Below is an example of this behavior. At the time of T, Worker 2 is suddenly evicted. Task 9 and Task 10 are interrupted and collected back to the manager. Meanwhile, the intermediates stored on Worker 2, namely File e, f, g, and h, are also lost. Some of them have additional replicas on other workers, but File f does not, so it is completely lost because of the eviction. Due to the data loss, Task 9 cannot run until its input File f is recreated. To regenerate File f, we must rerun Task 7. However, Task 7 cannot run because its input File c has been pruned. Thus, we are forced to work all the way back to the top of the graph to regenerate the lost file. Worse yet, we may ultimately end up having the longest path in the graph recomputed, prolonging the graph makespan and undermining the scientific outcome.
So, to reserve certain redundancies to minimize recomputation in response to worker failures, TaskVine provides the option to tune the depth of ancestors for each file before it can be pruned.
In the implementation, pruning is triggered at the moment a task finishes, when its outputs are checked for eligibility to be discarded.
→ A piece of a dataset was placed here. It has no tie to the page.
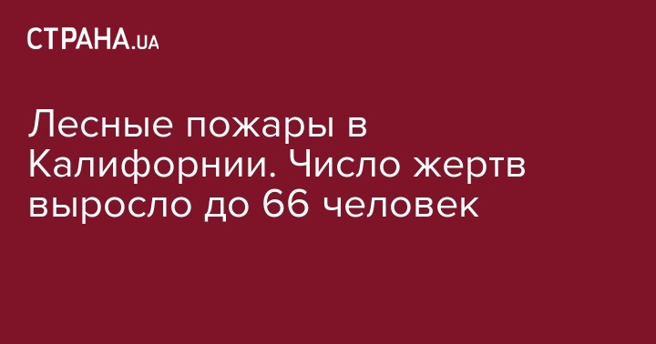 В Калифорнии не стихают сильные лесные пожары. По последним данным, число жертв огненной стихии выросло до 66 человек. Об этом сообщил шериф округа Бьютт Кори Хонеа, передает телекомпания ABC.

Each file carries a pruning depth parameter that specifies how many generations of consumer tasks must finish before the file can be pruned. Depth-1 pruning is equivalent to aggressive pruning, while depth-k pruning (k is greater than or equal to 2) retains the file until every output of its consumer tasks has itself satisfied the depth-(k-1) criterion. Formally, the pruning time is defined as: P(f) equals the minimum of P-sub-k(g) for all g that are outputs of f's consumers.
where Cons(F) denotes the consumer tasks of file F and Out(T) the outputs of task T. This recursive evaluation avoids expensive global scans by localizing pruning decisions to task completion events, with overhead proportional only to the chosen depth. As k increases, more ancestor files are preserved, providing redundancy and shrinking recovery sub-DAGs, whereas smaller k values reduce storage usage at the expense of higher recovery cost.
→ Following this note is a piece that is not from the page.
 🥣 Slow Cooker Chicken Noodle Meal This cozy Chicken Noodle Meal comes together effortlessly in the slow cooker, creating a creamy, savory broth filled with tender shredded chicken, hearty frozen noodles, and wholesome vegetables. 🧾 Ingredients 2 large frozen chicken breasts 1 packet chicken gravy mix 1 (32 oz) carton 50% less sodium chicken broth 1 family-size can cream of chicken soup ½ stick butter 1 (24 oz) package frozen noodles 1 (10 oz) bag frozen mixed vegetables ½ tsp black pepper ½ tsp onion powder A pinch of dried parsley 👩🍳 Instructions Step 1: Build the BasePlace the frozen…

The figure below shows the improvement after applying depth-2 pruning, where we are able to preserve more data redundancy at runtime. At time T, Worker 2 is evicted, File f is completely lost, and we must recover it in order to rerun Task 9. Thanks to depth-2 pruning, File c can be found on another worker, so we can restart from there. This way, we avoid the need to go all the way back, though at the risk of consuming more local storage on individual workers.
Depth-aware pruning can work in conjunction with two other fault tolerance mechanisms in TaskVine: peer replication, in which every intermediate file is replicated across multiple workers, and checkpointing, in which a portion of intermediates are written into the PFS for persistent storage. Subsequent articles will cover these topics to help readers better understand the underlying tradeoffs and know how to select the appropriate parameters to suit their own needs.
TaskVine users can explore the manual to see how to adjust these parameters to suit their needs for the tradeoff between storage efficiency and fault tolerance. For depth-aware pruning, we recommend using aggressive pruning (depth-1 pruning) as the general and default setting to save storage space to the largest extent, and increase the depth parameter when worker failures are not uncommon and additional data redundancy is needed.